● REQUIRED WORK
Working from the records below, repeat exactly the lines starting at the line that contains "Образ старшего сына" and ending at the line that contains "项目的外立面用大面积的玻璃与", inclusive.
##### THE DATA
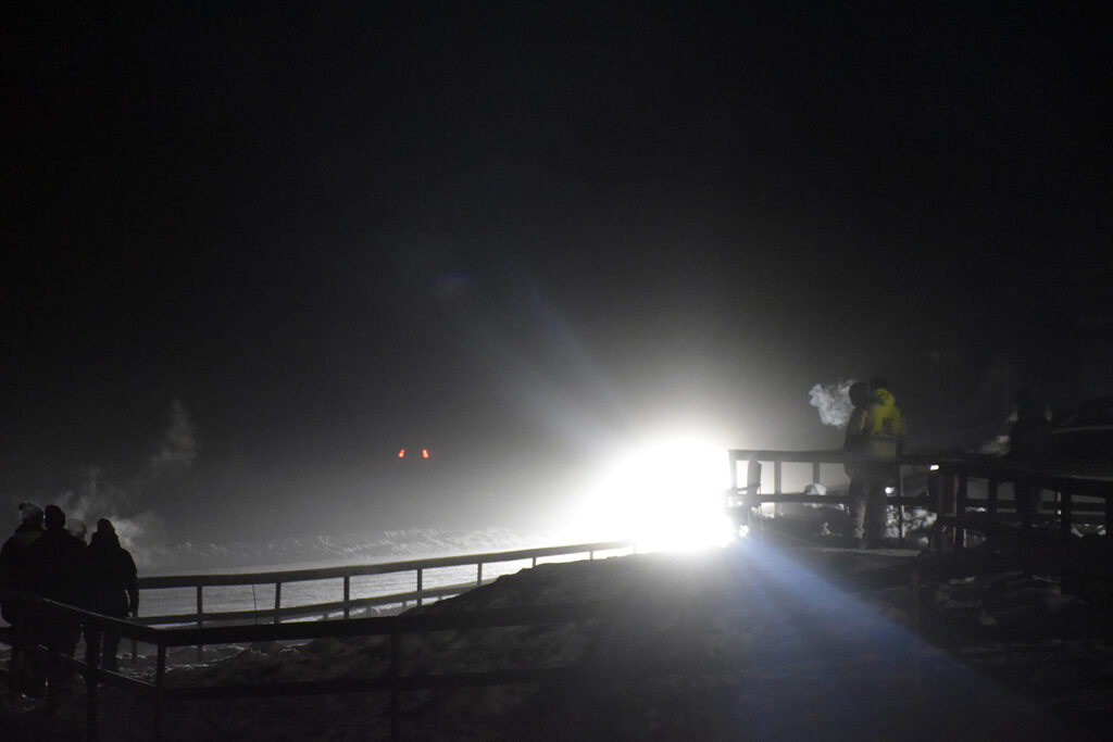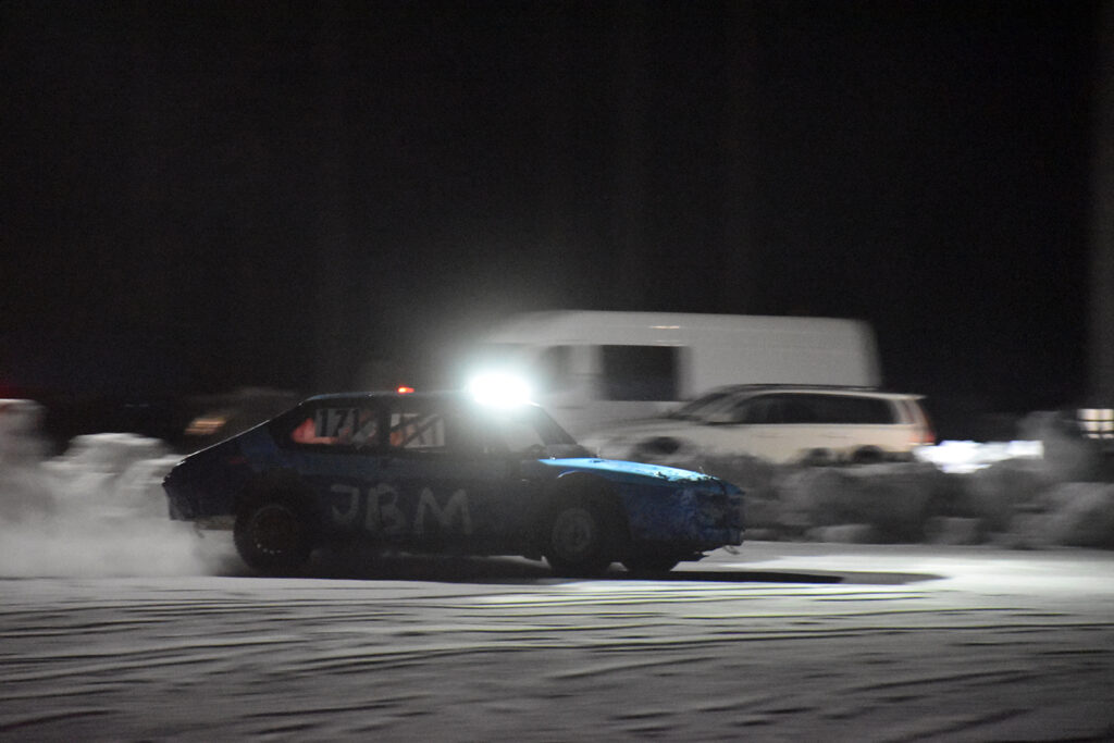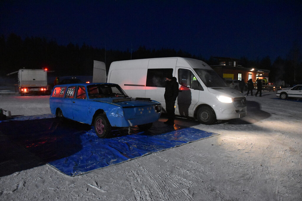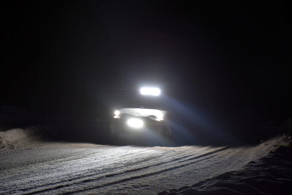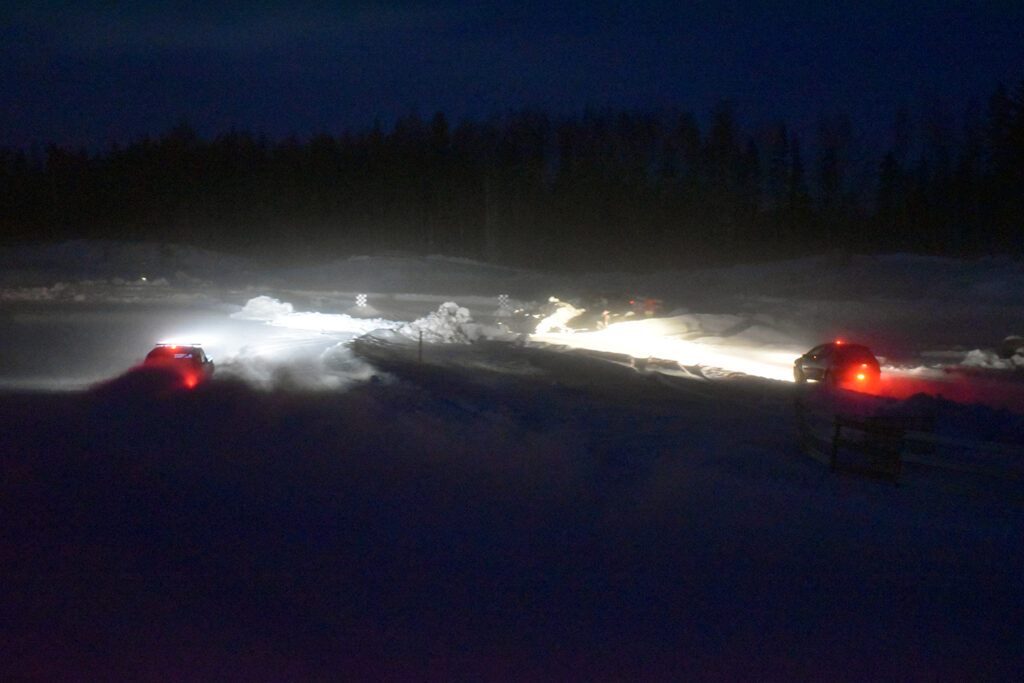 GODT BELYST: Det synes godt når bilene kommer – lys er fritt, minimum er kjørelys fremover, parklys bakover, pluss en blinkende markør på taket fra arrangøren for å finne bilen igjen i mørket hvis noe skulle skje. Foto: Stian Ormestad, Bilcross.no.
##########
##### THE DATA
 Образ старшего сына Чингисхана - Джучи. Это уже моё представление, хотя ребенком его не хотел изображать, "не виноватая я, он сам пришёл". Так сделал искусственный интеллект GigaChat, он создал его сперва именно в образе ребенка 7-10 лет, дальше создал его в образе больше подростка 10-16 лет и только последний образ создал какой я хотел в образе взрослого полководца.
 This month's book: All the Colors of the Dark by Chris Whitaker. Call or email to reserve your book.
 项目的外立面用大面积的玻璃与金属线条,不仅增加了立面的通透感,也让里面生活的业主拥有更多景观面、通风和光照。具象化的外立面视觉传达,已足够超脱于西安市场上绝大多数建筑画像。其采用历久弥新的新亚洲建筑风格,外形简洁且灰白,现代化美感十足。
##########
● SOLUTION FOR THIS EXERCISE
 Образ старшего сына Чингисхана - Джучи. Это уже моё представление, хотя ребенком его не хотел изображать, "не виноватая я, он сам пришёл". Так сделал искусственный интеллект GigaChat, он создал его сперва именно в образе ребенка 7-10 лет, дальше создал его в образе больше подростка 10-16 лет и только последний образ создал какой я хотел в образе взрослого полководца.
 This month's book: All the Colors of the Dark by Chris Whitaker. Call or email to reserve your book.
 项目的外立面用大面积的玻璃与金属线条,不仅增加了立面的通透感,也让里面生活的业主拥有更多景观面、通风和光照。具象化的外立面视觉传达,已足够超脱于西安市场上绝大多数建筑画像。其采用历久弥新的新亚洲建筑风格,外形简洁且灰白,现代化美感十足。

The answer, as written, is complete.